My picture of Gnocchi is that timestamps get acquired in time-order for the most part – basically you are usually getting more recent timestamps. For this model and for static parameters, you can calculate EWMA/MovA values as you fill up the period buckets. Originally, the idea was that even if periods expired, we could keep “ghostly remnants” (EWMA/MovA values) from the expired bins if needed to calculate new EWMA/MovA values for current bins, but this is unnecessary (I’ll ramble about why for the next few paragraphs).

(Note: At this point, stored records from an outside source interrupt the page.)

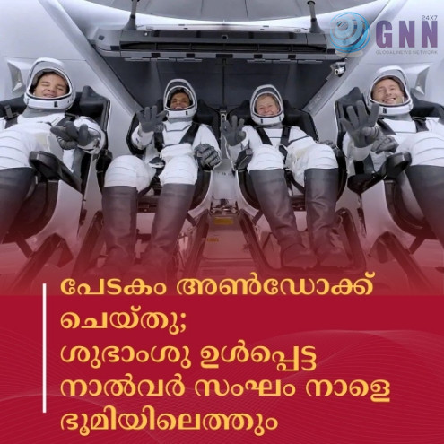 അന്താരാഷ്ട്ര ബഹിരാകാശ നിലയത്തിലെ 18 ദിവസത്തെ വാസത്തിനുശേഷം വ്യോമസേനാ ഗ്രൂപ് ക്യാപ്റ്റൻ ശുഭാംശു ശുക്ല ഉൾപ്പെട്ട നാൽവർ സംഘം ഭൂമിയിലേക്ക്. ഇന്ത്യൻ സമയം വൈകീട്ട് 4.35-ന് ക്രൂ ഡ്രാഗൺ പേടകം അന്താരാഷ്ട്ര ബഹിരാകാശ നിലയത്തിൽനിന്ന് അൺഡോക് ചെയ്തു. ചൊവ്വാഴ്ച വൈകുന്നേരം മൂന്നോടെ പേടകം കാലിഫോർണിയാ തീരത്തിനടുത്ത് ശാന്തസമുദ്രത്തിൽ സ്പ്ലാഷ് ഡൗൺ ചെയ്യും. അതിനുശേഷം യാത്രികരെ പേടകത്തിൽനിന്ന് പുറത്തെത്തിച്ച് ബോട്ടുകളിൽ പുനരധിവാസകേന്ദ്രത്തിലേക്ക് കൊണ്ടുപോകും.
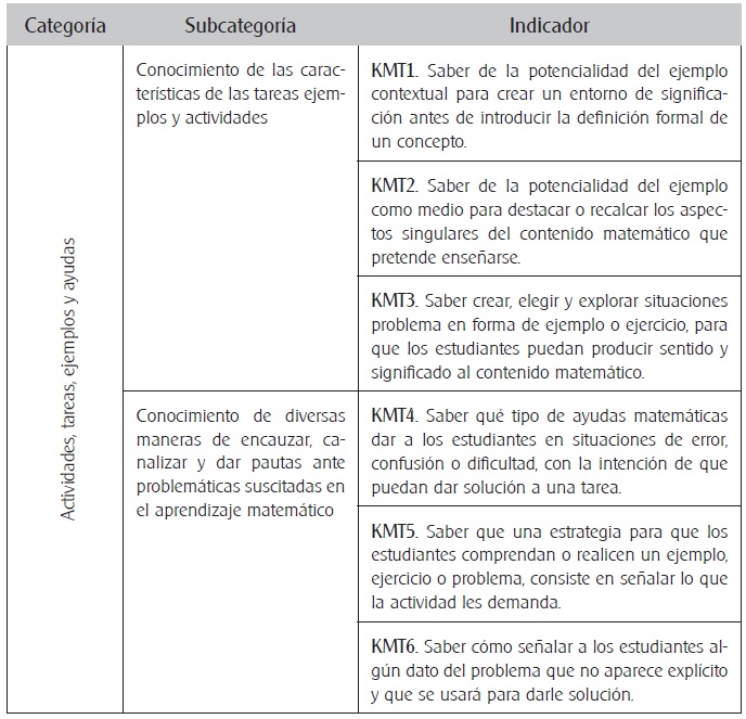 Cada uno de los descriptores que abstrajimos, y que presentaremos en la tabla 1, pertenecen a la misma categoría dentro del KMT que se llama actividades, tareas, ejemplos, ayudas (Carrillo et al., 2014a). Se trata de elementos de los que el profesor se vale para gestionar los contenidos entre los estudiantes de su clase. En este caso, el tipo de gestión que tienen las profesoras se relaciona con una comunicación mayoritariamente unidireccional en la que la profesora asume la responsabilidad del aprendizaje y se convierte en el medio de validación del conocimiento. Queremos subrayar que nuestra intención es comprender el conocimiento que ponen en juego las profesoras. No nos posicionamos desde una perspectiva evaluativa, sino desde una interpretativa, por lo cual, no hacemos juicios de valor acerca del tipo de determinaciones y acciones que llevan a cabo. Para fines prácticos, hemos dividido la categoría en subcategorías referentes a ejemplos y a ayudas.
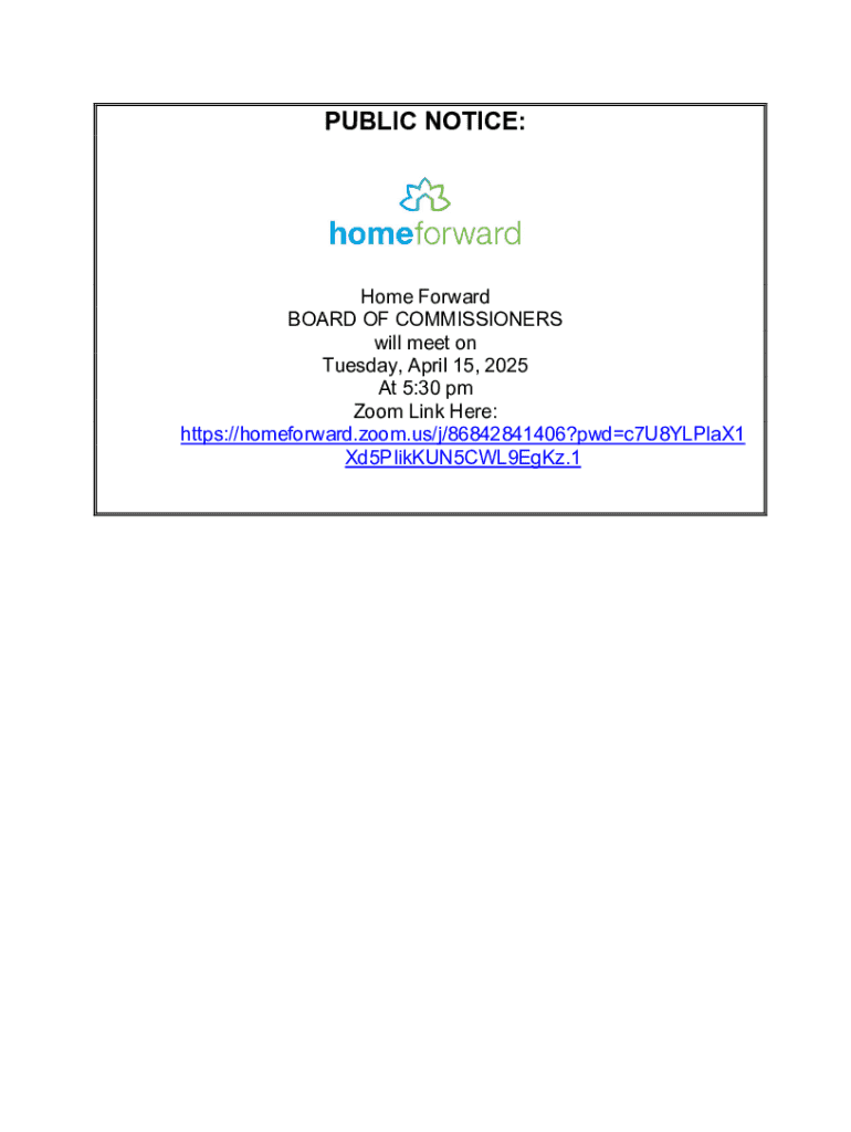 PUBLIC NOTICE:Home Forward BOARD OF COMMISSIONERS will meet on Tuesday, April 15, 2025 At 5:30 pm Zoom Link Here: https://homeforward.zoom.us/j/86842841406?pwdc7U8YLPlaX1 Xd5PIikKUN5CWL9EgKz.1MEMORANDUMTo:From:Community
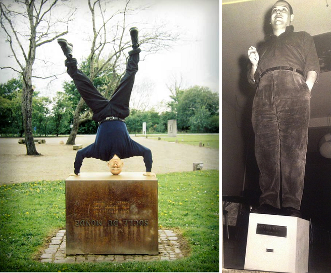 Sembra dunque che l'artista scompaia dietro il suo capolavoro. Ma se capovolgessimo nuovamente il punto di vista? Qualche anno fa l'artista brasiliano Cildo Meireles (le cui installazioni erano in mostra all'Hangar Bicocca lo scorso luglio) ha proposto una sua reinterpretazione, altrettanto semplice e poetica, del Socle di Manzoni: si è messo a testa in giù sopra il Socle e ha intitolato la perfomance “Atlante” (Atlas, 2007). Basta guardare la fotografia rovesciata per vedere in effetti un Atlante, coi piedi piantati nel nulla, che sorregge il piedistallo su cui poggia il mondo. Ma è l'artista che, issandolo sulla sua fantasia, fa la fatica di rendere “magico” cioè “artistico” il mondo o è il peso del mondo che conferma l'eccezionalità esibita dall'artista?

Since EWMA only depends on the last forecast to make the next prediction, you generally only need to keep the EWMA values for two periods at a time – one EWMA value that gets updated as you add more timestamps to the current period, and an EWMA value that is fixed from the previous period, where no new timestamps are being added, but that is used to predict the EWMA of the current period. EDIT: For systems where there are n > 1 periods that are still being updated, you need to keep all those periods plus the first period that is locked-down (no new datapoints expected to arrive). For moving averages you do need to retain the last k average values of the periods before the start timestamp as well as the count for those periods. However, the moving average is not a recursive function, so you don’t actually depend on the moving average in previous periods to calculate the moving average in the current period. The only additional feature required to do the moving average that is not currently in Gnocchi would be saving the count. This is of course assuming we’re only saving aggregates – if we retain all datapoints, then you must only save the last k timestamp/value pairs.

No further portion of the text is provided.